Top of EXERCISE DATA

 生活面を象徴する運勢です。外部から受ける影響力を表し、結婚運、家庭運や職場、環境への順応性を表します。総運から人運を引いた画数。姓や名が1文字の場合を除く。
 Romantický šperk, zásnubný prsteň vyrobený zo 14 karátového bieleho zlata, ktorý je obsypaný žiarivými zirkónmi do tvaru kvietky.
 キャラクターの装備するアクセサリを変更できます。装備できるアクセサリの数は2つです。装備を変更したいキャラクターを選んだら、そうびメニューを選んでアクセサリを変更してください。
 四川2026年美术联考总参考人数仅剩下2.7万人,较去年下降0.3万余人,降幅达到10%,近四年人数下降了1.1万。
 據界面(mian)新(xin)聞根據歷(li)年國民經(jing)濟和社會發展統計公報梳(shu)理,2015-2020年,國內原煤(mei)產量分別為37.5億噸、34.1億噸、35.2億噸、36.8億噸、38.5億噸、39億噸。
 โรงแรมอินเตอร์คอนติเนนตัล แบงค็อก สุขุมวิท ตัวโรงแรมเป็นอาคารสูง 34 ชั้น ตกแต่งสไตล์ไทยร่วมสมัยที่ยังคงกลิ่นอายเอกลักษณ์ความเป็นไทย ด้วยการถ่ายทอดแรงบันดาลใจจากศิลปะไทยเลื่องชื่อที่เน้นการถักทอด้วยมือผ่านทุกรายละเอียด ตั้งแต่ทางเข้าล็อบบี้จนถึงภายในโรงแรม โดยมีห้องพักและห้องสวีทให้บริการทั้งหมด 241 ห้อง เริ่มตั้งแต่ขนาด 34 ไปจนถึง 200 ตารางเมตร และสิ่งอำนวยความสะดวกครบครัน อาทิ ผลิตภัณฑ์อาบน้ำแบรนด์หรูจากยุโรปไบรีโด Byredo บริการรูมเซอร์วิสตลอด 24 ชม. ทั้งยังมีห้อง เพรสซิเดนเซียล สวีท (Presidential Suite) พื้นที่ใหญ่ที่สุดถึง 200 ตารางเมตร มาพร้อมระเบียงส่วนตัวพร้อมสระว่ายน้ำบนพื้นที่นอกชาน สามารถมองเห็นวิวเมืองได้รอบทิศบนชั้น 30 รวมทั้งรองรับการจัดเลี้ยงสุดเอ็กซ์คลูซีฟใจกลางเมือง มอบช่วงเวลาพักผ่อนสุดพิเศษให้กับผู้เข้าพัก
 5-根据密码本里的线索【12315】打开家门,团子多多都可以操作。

Bottom of EXERCISE DATA
Top of EXERCISE DATA

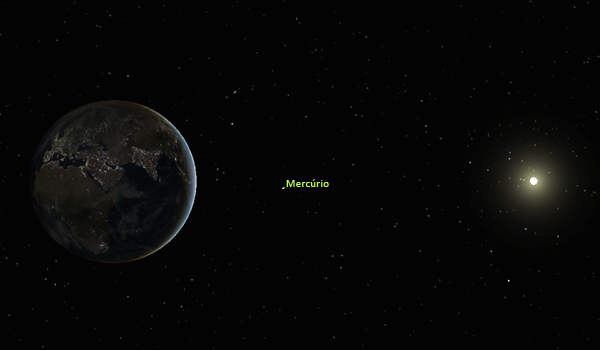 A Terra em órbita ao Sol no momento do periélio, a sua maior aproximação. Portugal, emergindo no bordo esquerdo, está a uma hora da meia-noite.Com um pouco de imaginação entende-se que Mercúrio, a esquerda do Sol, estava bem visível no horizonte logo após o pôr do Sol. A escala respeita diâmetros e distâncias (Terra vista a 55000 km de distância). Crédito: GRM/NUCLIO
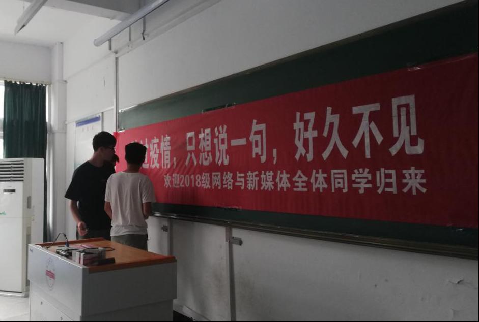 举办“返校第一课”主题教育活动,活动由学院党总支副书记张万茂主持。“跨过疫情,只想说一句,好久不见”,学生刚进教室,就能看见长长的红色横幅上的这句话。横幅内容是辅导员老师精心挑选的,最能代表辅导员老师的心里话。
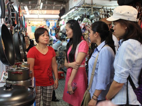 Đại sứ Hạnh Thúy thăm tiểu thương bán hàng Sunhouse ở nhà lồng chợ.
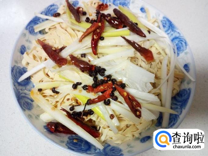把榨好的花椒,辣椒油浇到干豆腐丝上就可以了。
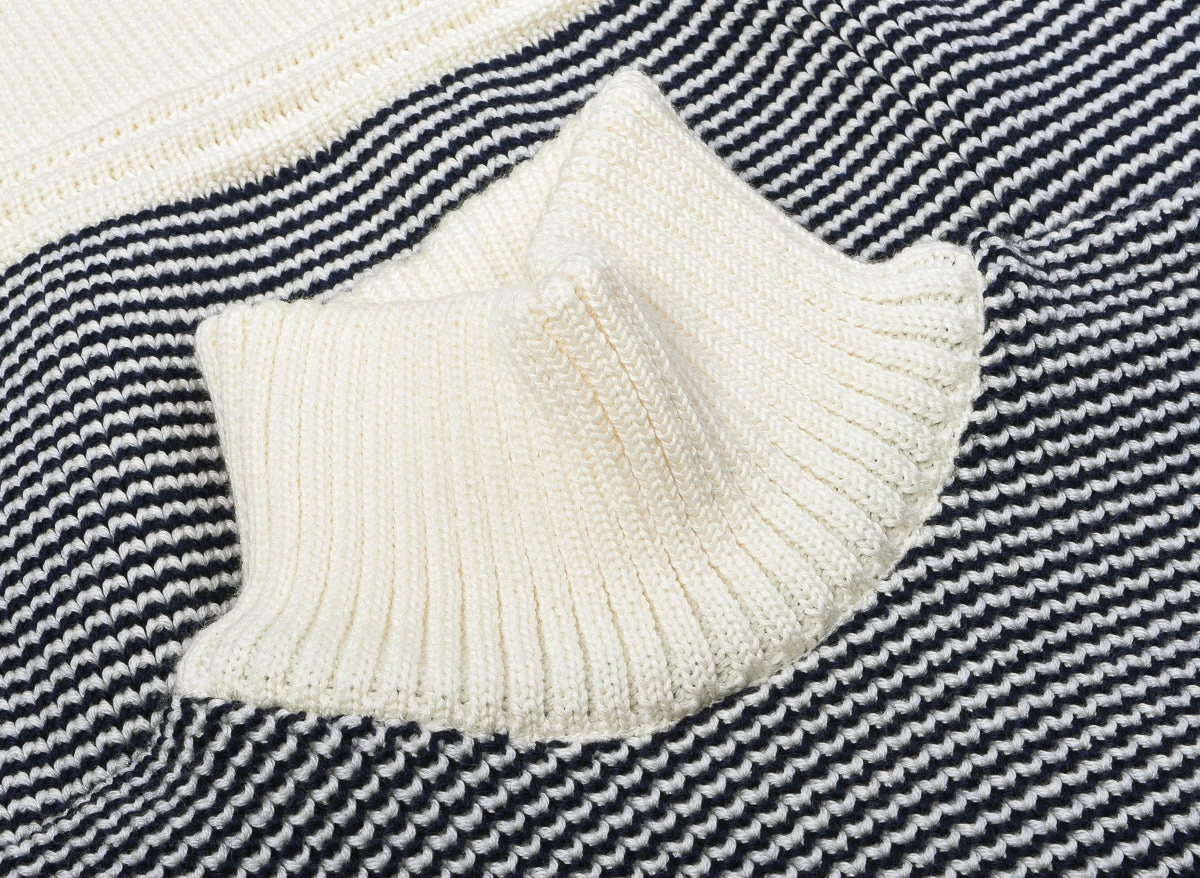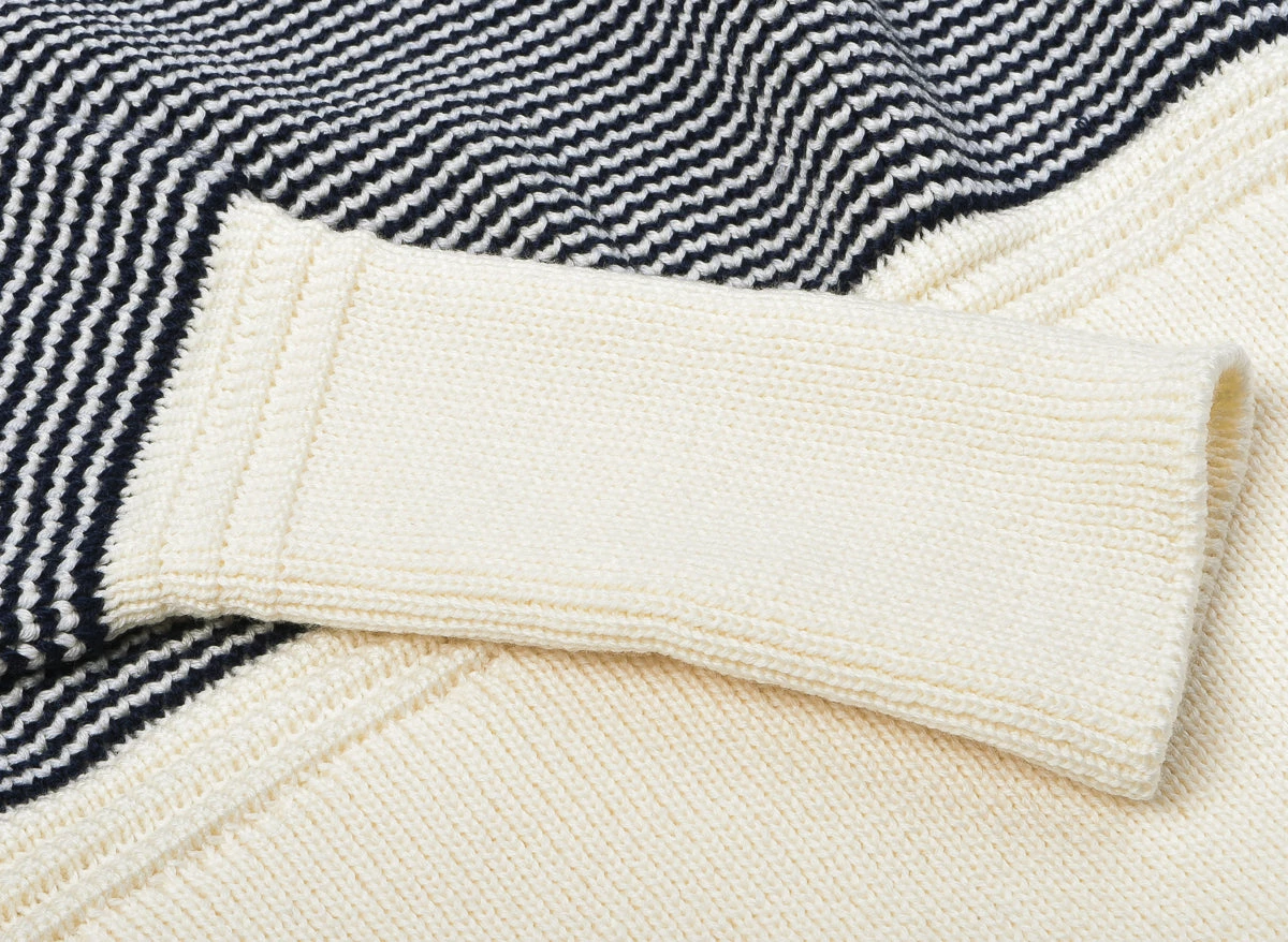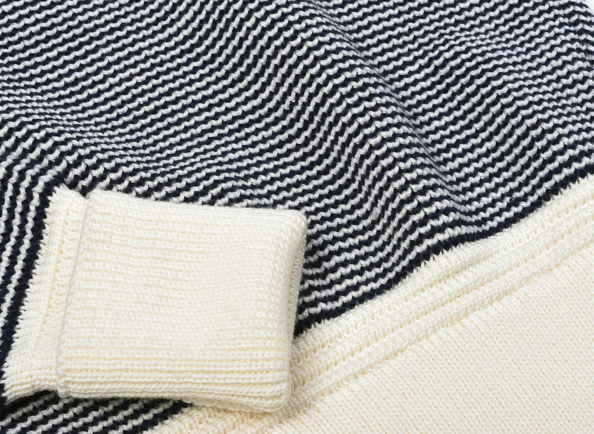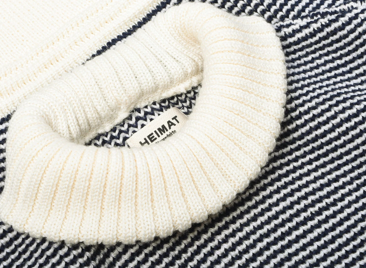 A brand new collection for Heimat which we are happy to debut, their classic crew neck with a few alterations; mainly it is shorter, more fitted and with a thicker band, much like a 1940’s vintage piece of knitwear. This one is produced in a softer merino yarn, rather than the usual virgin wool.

Bottom of EXERCISE DATA
Top of EXERCISE DATA

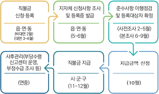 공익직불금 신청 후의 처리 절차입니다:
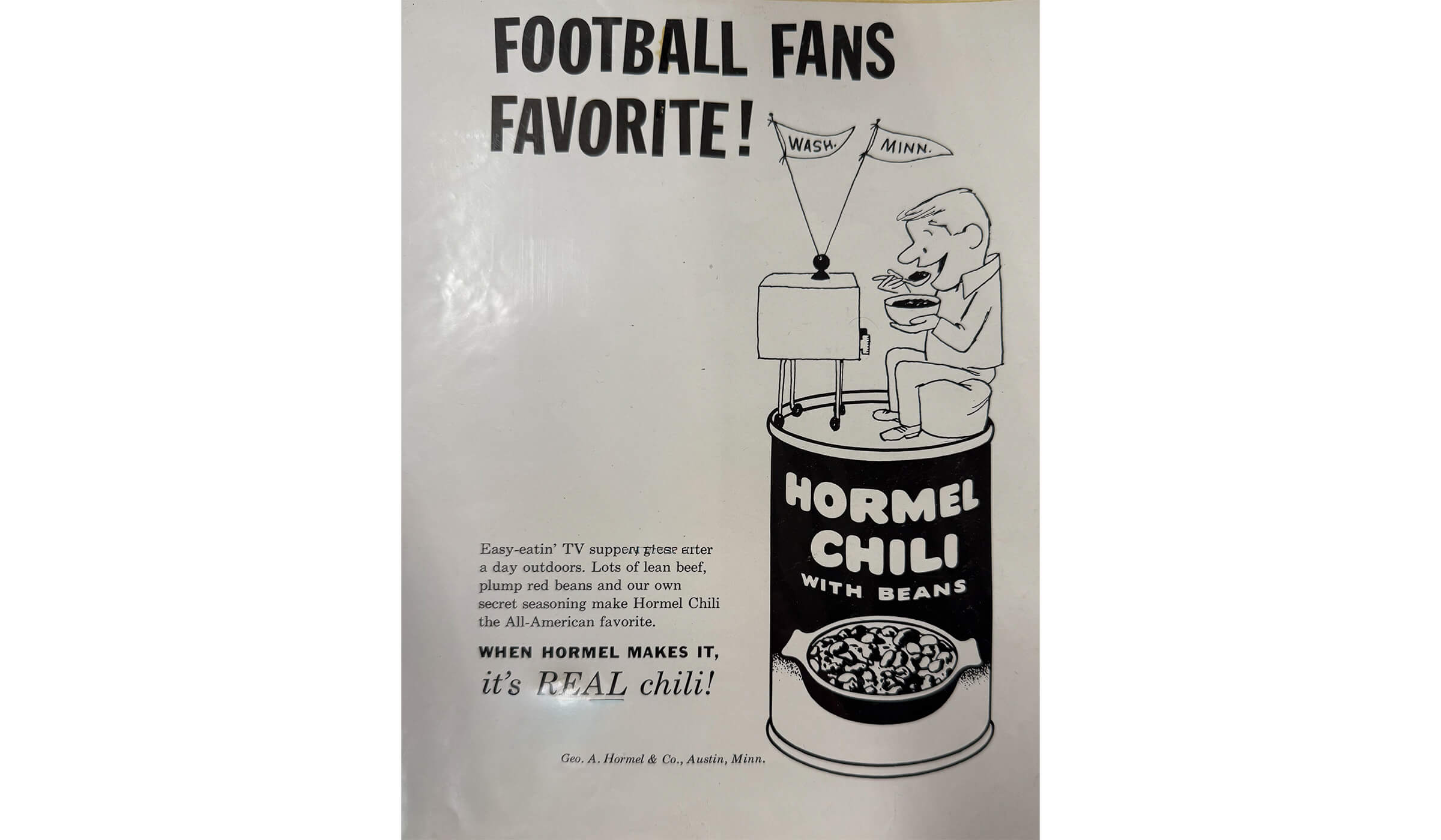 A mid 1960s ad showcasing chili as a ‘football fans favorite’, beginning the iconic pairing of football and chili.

Bottom of EXERCISE DATA

When the line with "據界面(mian)新(xin" is reached in the data above, start copying there, and copy each line exactly until the line with "5-根据密码本里的线索【12315】打开家门,团子多多都可以操作。" has been copied; copy nothing else.

 據界面(mian)新(xin)聞根據歷(li)年國民經(jing)濟和社會發展統計公報梳(shu)理,2015-2020年,國內原煤(mei)產量分別為37.5億噸、34.1億噸、35.2億噸、36.8億噸、38.5億噸、39億噸。
 โรงแรมอินเตอร์คอนติเนนตัล แบงค็อก สุขุมวิท ตัวโรงแรมเป็นอาคารสูง 34 ชั้น ตกแต่งสไตล์ไทยร่วมสมัยที่ยังคงกลิ่นอายเอกลักษณ์ความเป็นไทย ด้วยการถ่ายทอดแรงบันดาลใจจากศิลปะไทยเลื่องชื่อที่เน้นการถักทอด้วยมือผ่านทุกรายละเอียด ตั้งแต่ทางเข้าล็อบบี้จนถึงภายในโรงแรม โดยมีห้องพักและห้องสวีทให้บริการทั้งหมด 241 ห้อง เริ่มตั้งแต่ขนาด 34 ไปจนถึง 200 ตารางเมตร และสิ่งอำนวยความสะดวกครบครัน อาทิ ผลิตภัณฑ์อาบน้ำแบรนด์หรูจากยุโรปไบรีโด Byredo บริการรูมเซอร์วิสตลอด 24 ชม. ทั้งยังมีห้อง เพรสซิเดนเซียล สวีท (Presidential Suite) พื้นที่ใหญ่ที่สุดถึง 200 ตารางเมตร มาพร้อมระเบียงส่วนตัวพร้อมสระว่ายน้ำบนพื้นที่นอกชาน สามารถมองเห็นวิวเมืองได้รอบทิศบนชั้น 30 รวมทั้งรองรับการจัดเลี้ยงสุดเอ็กซ์คลูซีฟใจกลางเมือง มอบช่วงเวลาพักผ่อนสุดพิเศษให้กับผู้เข้าพัก
 5-根据密码本里的线索【12315】打开家门,团子多多都可以操作。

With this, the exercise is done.